We can’t talk about this without talking about domestic violence against women. We need to start there.


We can’t talk about this without talking about domestic violence period. Granted, the majority of victims of domestic abuse are women, but a nontrivial number are men.


This is true. I’ve known XX domestic abusers too, but to the person they were always victims first. Violence begets violence. Hurt people hurt people.

I learned it as rights and responsibilities in a relationship:

Each Partner has the Right…

  • To express their own feelings and opinions, whether or not their partner agrees.
  • To be themselves.
  • To make decisions about themselves for themselves and to have equal decision-making power in the relationship.
  • To say ‘no’ to any physical act that makes them uncomfortable at any time.
  • To refuse a date at any time.
  • To make and maintain friendships with whomever they choose.
  • To participate in activities without their partner.
  • To control their own money and possessions.
  • To live free from fear and abuse.
  • To end the relationship when they desire.

Each Partner has the Responsibility…

  • To treat their partner with respect, equality, and honesty.
  • To encourage their partner’s dreams and individuality.
  • To never humiliate or put down their partner.
  • To respect their partner’s decisions- even if you don’t agree.
  • To respect and understand that their partner has the right to say ‘no’ at any point and any time regardless of previous consent.
  • To solve problems calmly and equally.
  • To accept responsibility for their own actions.
  • To be willing to apologize as well as accept apologies.
  • To never pressure, control, or manipulate their partner.
  • To never emotionally, sexually, or physically hurt their partner.
  • To never threaten or harm their partner or themselves in a way to hurt or control their partner.
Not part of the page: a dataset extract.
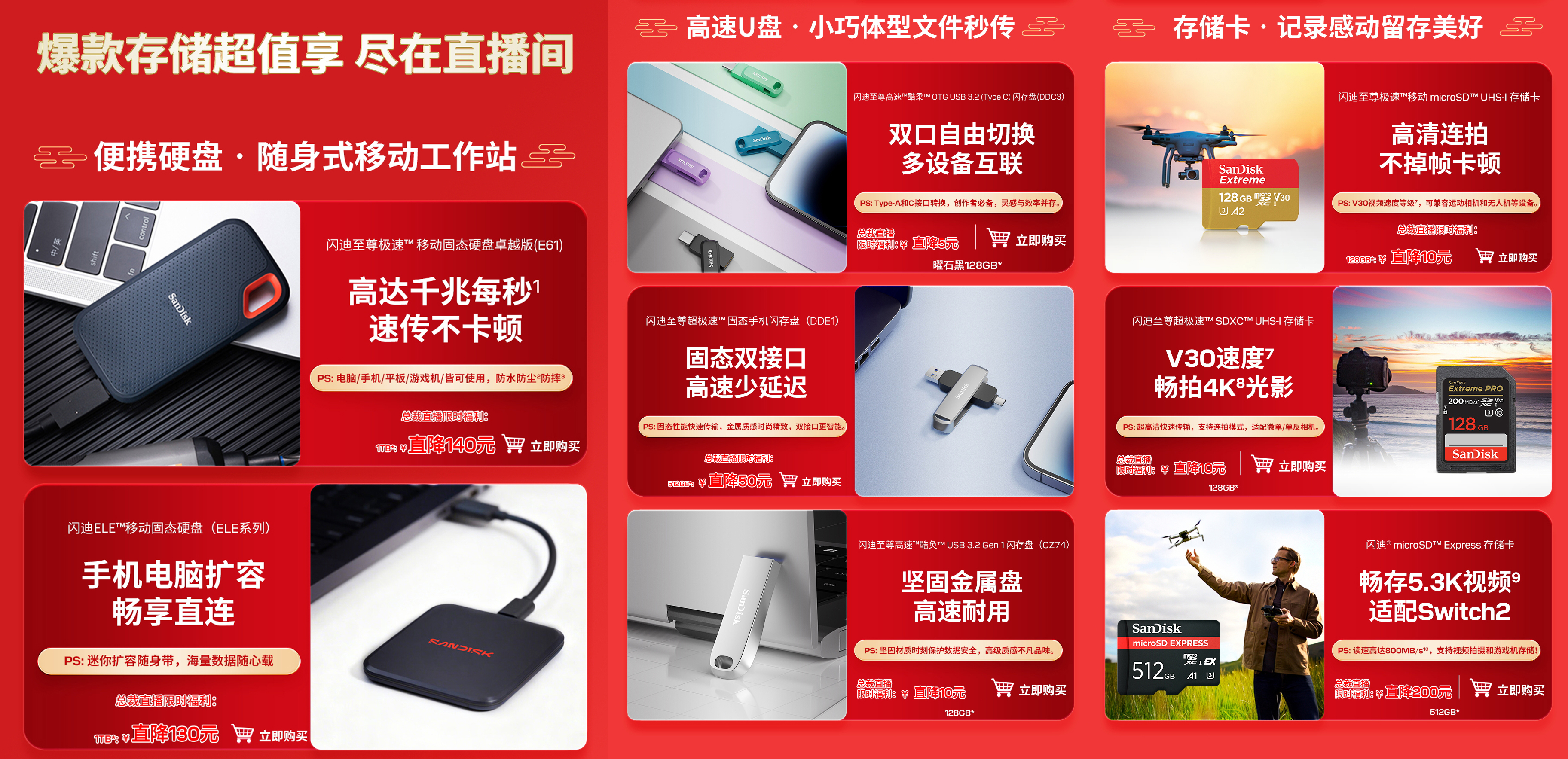 值得一提的是,除了直播间独家福利,活动会场还同步开启全站促销,众多经典爆品迎来年度好价。从行车记录仪到专业相机,各类型号存储卡均有优惠,例如闪迪128GB 4K高清影像存储卡等,好评率高达99%,是扩容备份、提升设备性能的性能优选;闪迪256GB TF内存卡,适配行车记录仪、无人机、监控等装备,以优异性能和高适配性带来畅快存储体验。

That responsibility side of things is a description of the slippery slope. You never ever have someone physically hurting a partner who didn’t start by being dishonest, disrespectful, and violating the list of rights (which also get violated usually in the order presented)

How can we teach this!? I know how I learned it. This all was drilled into my head since I was maybe 10.
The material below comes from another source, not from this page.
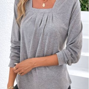 Light Grey Ruched Long Sleeve T Shirt
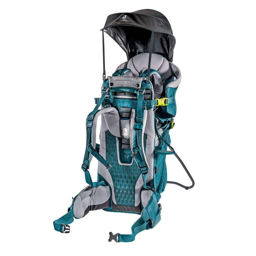 The carrying system is specially adapted to the female anatomy. With thinner straps and conical stabilizers on the hips, it adapts perfectly to the morphology of women. The new Lite Air ventilated contact backrest considerably lightens this child carrier. The frame with sporty lines ensures optimal comfort and is of course certified by the TÜV GS safety label. The child's seat is a comfort zone equipped with an easy-to-access and use safety harness, side entry and ultra-soft upholstery. (sun roof sold separately)

So Canadians also get almost zero institutional support for dealing with mental health issues? I was under the impression that people could get treatment as part of that whole “socialized medicine” thing. In 'merica, if you’ve got mental health problems, you’re pretty much on your own even if you have health insurance. There is almost zero coverage except for maybe getting pills. If you don’t have insurance, ha ha ha, forget about it.


Shoot an arms dealer?


Now there’s a scene for a film (because I don’t even want to imagine it in real life)… a mass shooting at a gun show.


Consider the phrase and how it’s used. “That kid who dresses in black and doesn’t go to church must have a mental problem.” “Homeless people must have mental problems, otherwise they’d have middle class jobs and own one or more houses and several cars like the rest of us.” “That guy who joined the nazi party must have a mental problem because we all know it’s wrong.” “That guy who shot a bunch of people in a crowd must have a mental problem.”

Meanwhile, someone you know who’s suffering from a real mental problem is forcing themselves to go to work every day, go to their therapist once a week if they can afford it, and do the best that they can to take care of their family despite depression, anxiety, or whatever it may be.

But in common speech “a mental problem” just means anyone who doesn’t dress, speak, and behave the way that someone thinks that they should. Or the way that said someone thinks that they would have acted if in the same circumstances. Someone other and different.